What is the pH of a 100.0 mL 0.325 M H3BO3 solution at 25 C? (Why is this an acidic solution?)
H3BO3 is a weak acid because it ionizes to provide H^+ in solution. Ka1 = 7.2E-10. Ka2 is 1.8E-13 but for pH of this solution need not be considered since it is 1000 times weaker than Ka1 and contributes very little on its own.
................H3BO3 ==> H^+ + [H2BO3]^-
I..............0.325............0..............0
C................-x...............x...............x
E.............0.325-x..........x...............x
Plug the E line into the Ka expression and solve for x = (H^+), then convert this to pH by pH = -log*H^+).
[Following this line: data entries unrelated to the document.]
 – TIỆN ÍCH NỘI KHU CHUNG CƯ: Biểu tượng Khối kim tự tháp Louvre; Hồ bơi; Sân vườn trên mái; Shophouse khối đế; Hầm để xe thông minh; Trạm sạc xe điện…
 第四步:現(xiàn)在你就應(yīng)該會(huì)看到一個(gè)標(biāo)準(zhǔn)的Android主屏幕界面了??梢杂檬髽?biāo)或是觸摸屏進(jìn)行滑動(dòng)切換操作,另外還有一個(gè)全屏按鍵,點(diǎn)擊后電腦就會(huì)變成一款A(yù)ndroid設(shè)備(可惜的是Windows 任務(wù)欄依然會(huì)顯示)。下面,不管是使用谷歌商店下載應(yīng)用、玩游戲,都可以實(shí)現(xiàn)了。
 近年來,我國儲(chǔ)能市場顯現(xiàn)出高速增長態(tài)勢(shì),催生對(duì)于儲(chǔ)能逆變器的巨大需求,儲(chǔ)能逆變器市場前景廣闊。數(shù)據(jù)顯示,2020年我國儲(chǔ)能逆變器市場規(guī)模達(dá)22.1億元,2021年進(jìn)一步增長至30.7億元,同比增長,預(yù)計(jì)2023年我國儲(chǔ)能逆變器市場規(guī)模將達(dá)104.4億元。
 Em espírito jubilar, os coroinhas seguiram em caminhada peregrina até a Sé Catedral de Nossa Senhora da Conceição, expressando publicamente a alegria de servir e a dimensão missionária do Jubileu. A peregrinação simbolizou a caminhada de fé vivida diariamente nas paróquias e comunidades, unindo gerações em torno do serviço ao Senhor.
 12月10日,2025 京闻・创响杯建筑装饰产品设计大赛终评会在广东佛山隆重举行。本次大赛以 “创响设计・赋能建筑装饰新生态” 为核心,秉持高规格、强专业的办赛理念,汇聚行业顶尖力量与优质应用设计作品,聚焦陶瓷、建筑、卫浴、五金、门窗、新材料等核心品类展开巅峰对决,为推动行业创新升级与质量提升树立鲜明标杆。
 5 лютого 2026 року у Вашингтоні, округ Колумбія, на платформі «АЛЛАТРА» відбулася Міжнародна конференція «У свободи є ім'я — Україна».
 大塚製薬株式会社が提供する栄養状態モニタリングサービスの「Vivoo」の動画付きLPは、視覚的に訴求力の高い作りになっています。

Post your work if you get stuck.
To find the pH of a solution, we need to know the concentration of hydronium ions (\(H_3O^+\)) present in the solution. In this case, we are given the concentration of the acid H3BO3.
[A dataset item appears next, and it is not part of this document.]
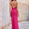 This long strapless dress with an open back is an excellent choice among our collection of evening dresses. Its fitted cut and brocade fabric will make it look stunning. The long dress with open back was made of fabric that impresses with its quality. The long dress features a wonderful fitted cut. It has straps that are crossed at the back on the exposed back. The maxi dress is also characterized by flecks of glitter in the fabric, which will delight everyone. Its layered, envelope neckline will optically lengthen and slim the figure, while the leg slit adds an alluring touch. A dress with an open back will be the perfect choice during a romantic evening for two. Matching it with high-heeled shoes and a small handbag will create a beautiful, elegant styling. The product is made and sewn in Poland.
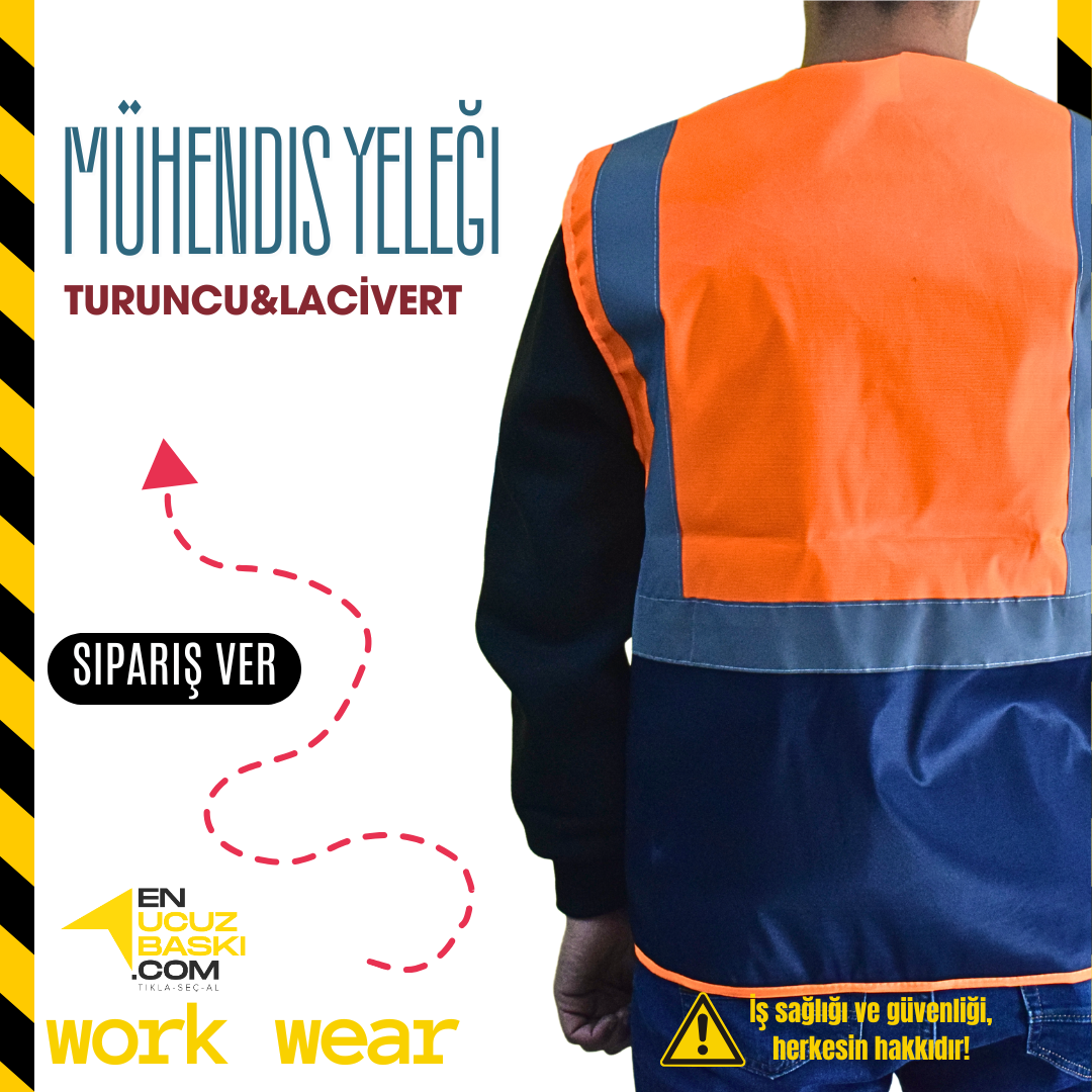 Baskılı Mühendis İkaz Yeleği Turuncu - Lacivert - İş Kıyafeti

The first step is to write the balanced chemical equation for the ionization of H3BO3:
\[H3BO3 + H2O \rightleftharpoons H3O^+ + B(OH)_3\]
H3BO3 can be considered a weak acid, so it partially ionizes in water. The hydronium ion \((H_3O^+)\) is responsible for the acidity of the solution.
Given that the initial concentration of H3BO3 is 0.325 M, we can assume that the concentration of \(H_3O^+\) will be the same since it is a 1:1 ratio between the H3BO3 and \(H_3O^+\) ions.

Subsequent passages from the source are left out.